The winter season is blessed with the dormancy of plants. During this cold time, deciduous species of many plants can be dug from the fields, transported and planted in your garden at much reduced cost, and often wider selection of varieties (especially in fruit trees and roses). Here are a few tips on planting if you have purchased bare root plants for the garden. First keep the plant roots moist and the plant cool and shaded. If it has arrived mail order, you may also wish to soak the roots in water overnight to help rehydrate the plant before planting. Dig your planting hole, wider is better than too deep. You goal is to dig a holw which comfortably accomodates the roots when they are spread out in the hole. Next you will want to add some soil amendment to the soil which has been dug out and mix thoroughly… this will be the backfill soil used to fill your hole and cover the roots. If the plant seems tall or floppy, you may wish to stake it, and installing a stake before you plant is good since you will not damage roots if this step is done prior to planting. Now you can make a cone of soil in the center of your hole with that amended mix. place the bare root plant on top of this soil and spread the roots all around the slope of that cone of soil. You can water to settle the soil with a bucket/slow running hose at this time to help settle the soil and get rid of air pockets in the soil with this technique. facing the plant can also be done now, with grafted/budded plants, it is recommended to face the scar of the understock north so that the union is facing south. (In simple terms… the bulge of the stem should face south so that the cut off lower stem will be shaded) If you do not do this, that sensitive area can sunburn and the bark will be damaged, which causes compromised future growth. Now continue to backfill the soil to perhaps half full for the hole and then water again to settle that new layer of soil. Wait for the water to drain away at each watering then continue to add more soil until the hole is filled and is at grade level of the surrounding soil. I do not recommend a basin for watering, it is better to use a slow trickling hose to water or drip irrigation. The idea is to get water regularly to the new growing roots, so water is needed to go deeply into the soil, not far outside the planting hole area. You can mulch lightly if you wish to conserve moisture during summer dry and hot spells.

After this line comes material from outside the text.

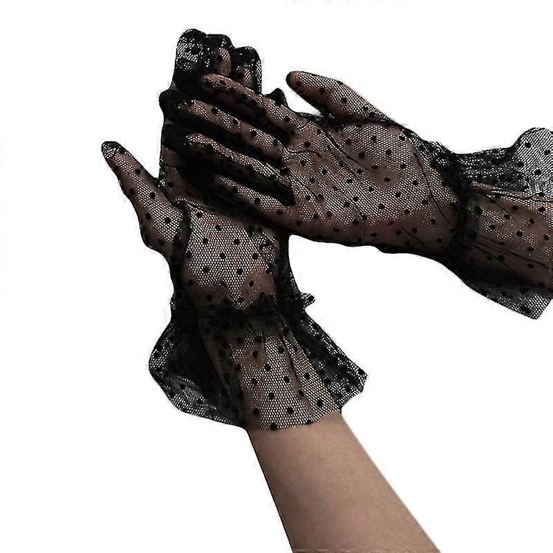 Women Sheer Lace Short Tulle Full Finger Gloves Vintage Polka Dot Ruffled Trim Mesh Wedding Prom Evening Party Mittens

Pruning of the root tips is necessary if they have a jagged cut end before you plant, and any top growth which has been damaged should also be cleanly pruned back to a well placed side bud, branch after planting.
Fruit trees and roses are the main candidates which are offered bare root, but a number of plants can be purchased this way. Flowering shrubs, trees, even perennials and vegetables can all be bought during the winter dormant period of the bare root season.
After care of the newly planted plant is elatively easy. You do not want the plant to suffer from not enough water, so water regularly, but at the same time, since it is a young plant, those watering needs will be far less than an older established plant. With many species, you may have to wait several years for the quality/characterisitcs to become apparent in the plant, tree, but that wait is offset by the lower cost and ease of planting from doing it bare root.
Another point to consider when planting by this method is that the entire root zone is one homogenious mixture of native soil to the site, not a noncompatible nursery mix which has an abrupt transition from root ball to native soil on site.